BORN FIGHTER: Barbara Lynch came up rough, and she still likes to hit.

Barbara Lynch would never bake a tough cookie, but she is one, for sure. Lynch, 44, bailed on high school and was a runner for local bookies before nestling under the wing of celebrity chef Todd English. A James Beard Award-winner, she has built Barbara Lynch Gruppo (formerly No. 9 Group) into a more than $10 million amalgam of six high-concept restaurants and food businesses. She expects revenue to double with three new ventures: a '50s-style cocktail bar, a reimagined lunch counter, and the hautest haute cuisine restaurant to touch down in Boston. "Not bad for a kid from the projects," says Lynch.

...A guy who ran a dinner cruise was hiring an assistant to the chef. I applied, and he said, "Do you know how to cook?" I said, "Yeah, I'm a chef in Boston. I make great chowder." I lied through the entire interview. Afterward, I went to the library and looked up how you actually made this stuff. The next day, he hired me. Three days before the boat was supposed to sail, the chef quit. My boss asked if I could take over. I said, "Sure."

...I wanted my own place. But I never wrote anything down -- not even recipes -- so the business plan was a challenge. I raised $2 million from local investors who were fans of my cooking. At that point, I was back living in the projects, and I probably owed the IRS 70 grand. But I said I wasn't going to take a salary until I paid them all back. I did it in three years.
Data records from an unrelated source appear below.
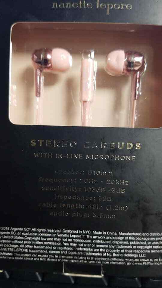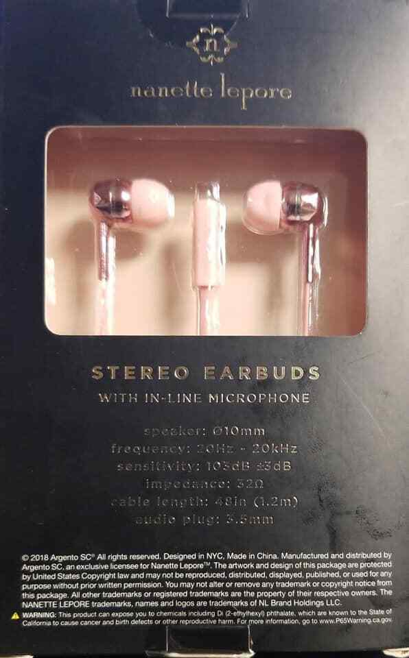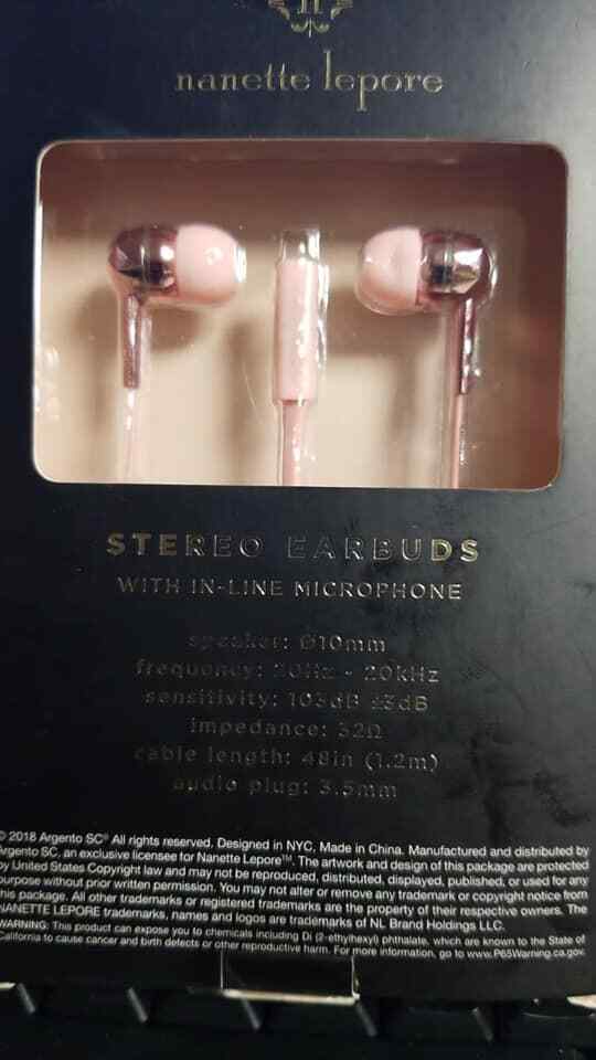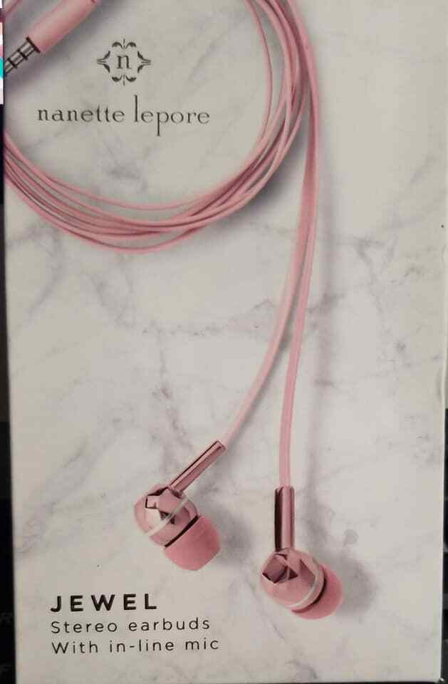 - Nanette Lepore Jewel Stereo Earbuds With In Line Mic Color Pink (LOC 404 CR-3)
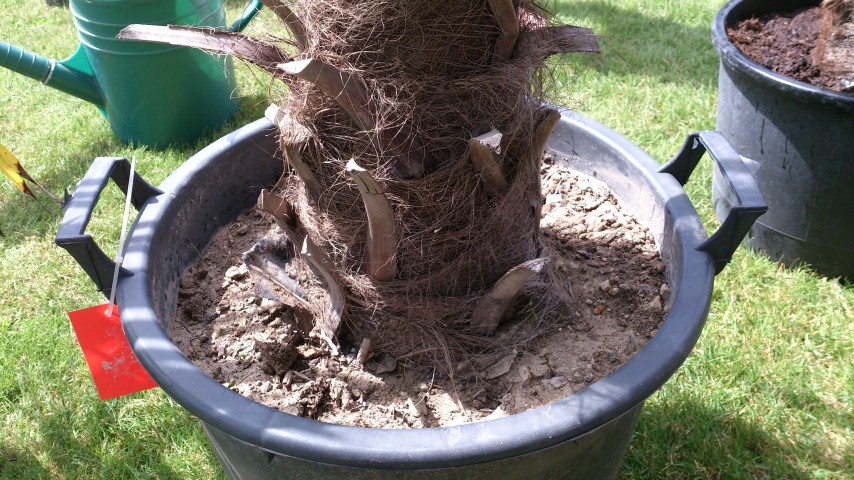 Dienen we deze palmboom dan best om te potten met potgrond? Of gaat deze palmboom de komende jaren ook verder overleven in deze pot met plastiek + kleigrond?
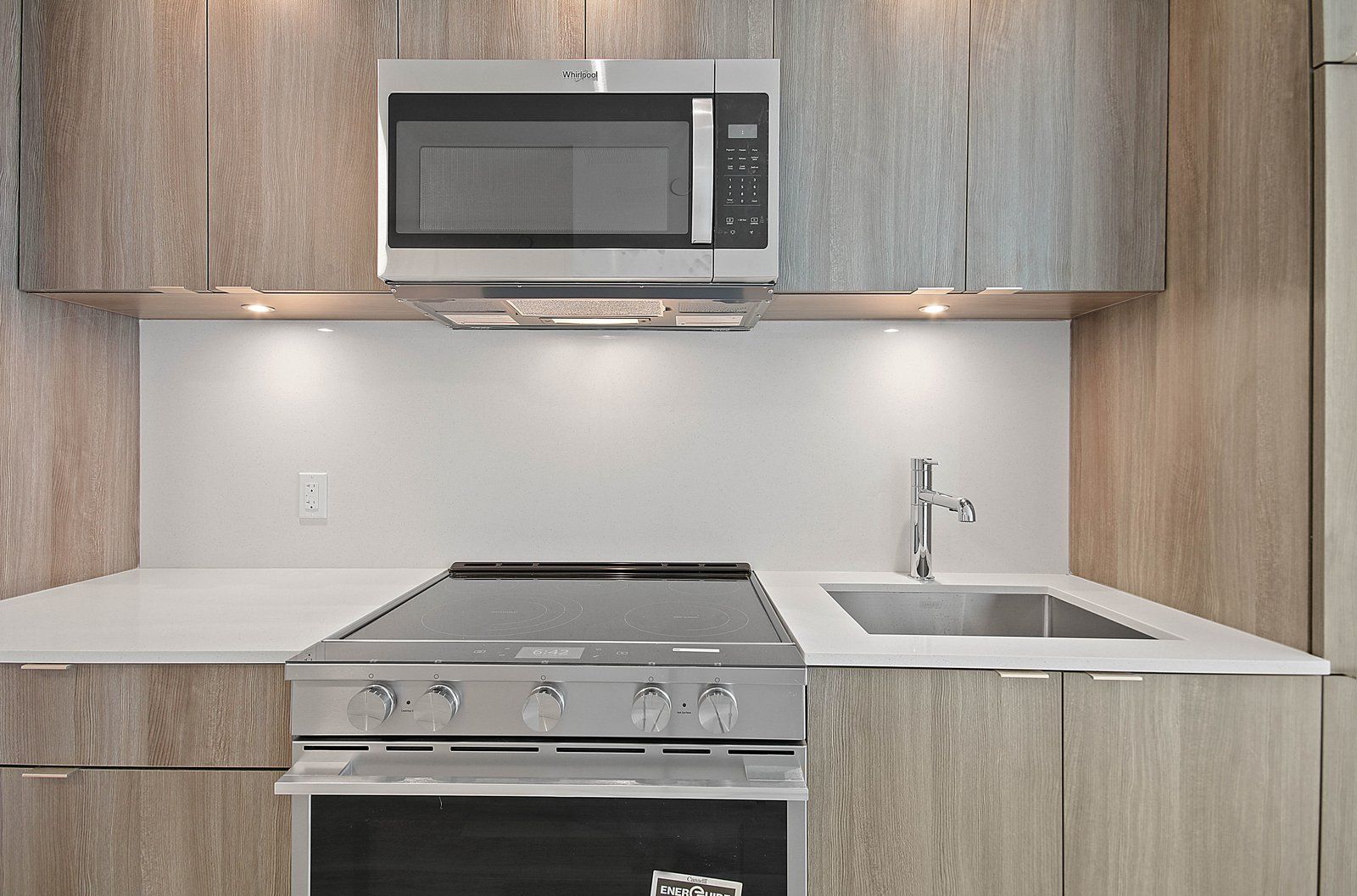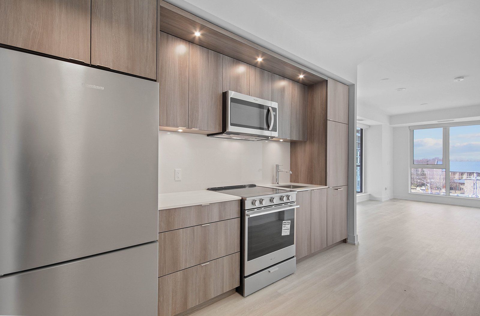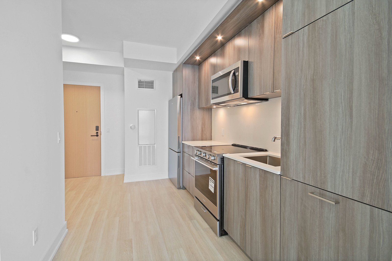 • Modern kitchen features tall cabinets, large appliances, and stone counters.

...The first few years at No. 9, I didn't know the business part. It was tough enough trying to run a kitchen and deal with staff and not get overwhelmed. I really didn't know what a P&L was. One of my sous-chefs had a business education, so she and I worked together to tighten things up, and I learned much more about business. The restaurants started to grow.

...I'm known nationally, and I will be better known when my cookbook comes out next year. I want to do more books and videos. I would love to be on Oprah. But I don't want to be that person selling my own line of branded cookware. I'm a chef, not a personality.

via inc.com

This is a good story. For restaurateur, you really have to do like her; do everything.